Повторяет как кукла одну и ту же запись. Или магнитофон - заевшую пленку. Раздражает и пугает.
- Нельзя, - Янар и сам рад взять небольшую передышку, но... Нельзя. Они больше не встанут, если позволят себе расслабиться, - на улице - мы тоже сейчас на улице, брат, не забывай - буря. Мы замерзнем, если останемся. Надо идти.
Нурай сонно моргает.
- Оставишь меня?
Кулаки просят дать этому идиоту хороший подзатыльник. Но кулаки заняты тем, что греют этого идиота.
- Сдурел что ли?
Никто не смеётся. Никто не улыбается. Нет места шуткам - самим квадратных метров не хватает.
- Нурай, - Янар вздыхает. Иногда приходится быть разумным взрослым, - ты устал. Я понимаю. Но нельзя сдаваться. Доползем. Если надо - я тебя потащу.
- Со своей ногой?
От пессимизма и отчаяния воздух отдаёт кислинкой. Металлом или кровью.
- Да, со своей ногой. Доверься мне. Мы дойдем до безопасного места и там отдохнём нормально. А сейчас дай, наконец, обработать этот долбанный порез.
Нурай, разморённый долгожданным теплом, не брыкается. На перевязку уходят последние бинты.
Когда они выползают из укрытия, воздух кажется ещё злее и холоднее. Мороз кусает. Вот тебе и, блин, середина ноября. Каково Крику отмечать юбилей в сугробе?
- Только вперёд, братишка! - кричит Янар навстречу ветру.
И снова становится маленьким. Снег - не враг, из него весело лепить снаряды и бросать всем подряд в лица. Снежинки приятно ловить языком (неприятно потом сидеть неделю с больным горлом), чтобы щипали. Серое-серое, с отливом в холодный металл, небо не пугает. Впереди юность.
Вперёд.
Хрусть-хрусть.
Ломается лед. В ушах завывает буря.
Хрусть-хрусть.
Мир темнеет.
Хрусть-хрусть.
Красная пелена в левом глазу становится насыщеннее.
Снег. Ветер.
Хрусть-хрусть.
Нога не гнется. Воздуха не хватает.
Света больше нет, но все вокруг в молоке.
Хрусть-хрусть.
Вперед. Вперед. Ну же!
Кашель. Маленькие льдинки царапают лицо.
Несгибаемые гвозди никогда не сдаются.
Нурай тянет за рукав.
Все повторяется как во сне.
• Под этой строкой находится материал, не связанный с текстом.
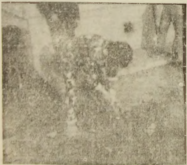
...să nu îngroape dosarele...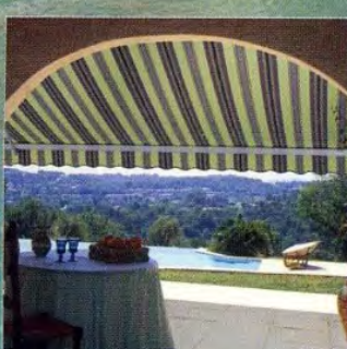
Plans : votre future maison

Остановиться. Прокашляться. Попытаться размять каменную икру. Посмотреть на свинец в небе.
Идти.
Хрусть-хрусть. Хрусть-хрусть. Губ не чувствует. А у Нурая они синие?
Нурай тянет за рукав. Прокашляться до рвоты. Вцепиться в ногу, горящую самым адским пламенем, умирающую изнутри. Потеряться в бесконечных черно-металлических завитушках туч.
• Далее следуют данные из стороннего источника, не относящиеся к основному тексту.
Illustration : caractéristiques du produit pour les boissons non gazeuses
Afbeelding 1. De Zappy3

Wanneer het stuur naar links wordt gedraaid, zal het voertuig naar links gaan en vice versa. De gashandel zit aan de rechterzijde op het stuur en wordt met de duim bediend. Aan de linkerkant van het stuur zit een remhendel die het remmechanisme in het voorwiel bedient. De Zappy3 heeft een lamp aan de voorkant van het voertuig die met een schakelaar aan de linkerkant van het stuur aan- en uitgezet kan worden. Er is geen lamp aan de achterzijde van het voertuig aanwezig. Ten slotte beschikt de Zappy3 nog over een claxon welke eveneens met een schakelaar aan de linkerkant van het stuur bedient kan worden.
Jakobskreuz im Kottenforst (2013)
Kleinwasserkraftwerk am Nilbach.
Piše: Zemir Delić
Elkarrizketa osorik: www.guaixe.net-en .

Идти. Ползти стоя. Задыхаться стоя. Стоять. Тоже стоя.
Идти. Надо идти.
Янар не может сделать шаг. Ногу не чувствует. Вторую тоже. Пальцев на ногах не чувствует. Чувствует, как обнимает холод. В груди копошится что-то мертвое, режет наживую. Это лед. Это - смерть.
Вокруг пусто и бело. Вокруг как в морге.
Надо было ночевать под елкой. Легли бы в один мешок, закопались бы под снег. Демоны не нашли бы. Нурай как обычно был прав. Нурай всегда прав. А Янар почему-то никогда в это не верит.
Хрусть!
Нурай падает в сугроб. Как тряпичная кукла - неестественно. Не встает.
- Куда намылился! - Янар тянет его за шкирку. Сил не хватает. Ветер играет с торчащим воротником.
Да-а, дотащит на руках, конечно...
Янар делает шаг. Еще один. Еще. Чуть-чуть. Совсем немного. Еще шаг - и буря кончится.
Нога отказывает. Тело отказывает. Половина лица - одна большая глыба. Красная. Тоже отказывает.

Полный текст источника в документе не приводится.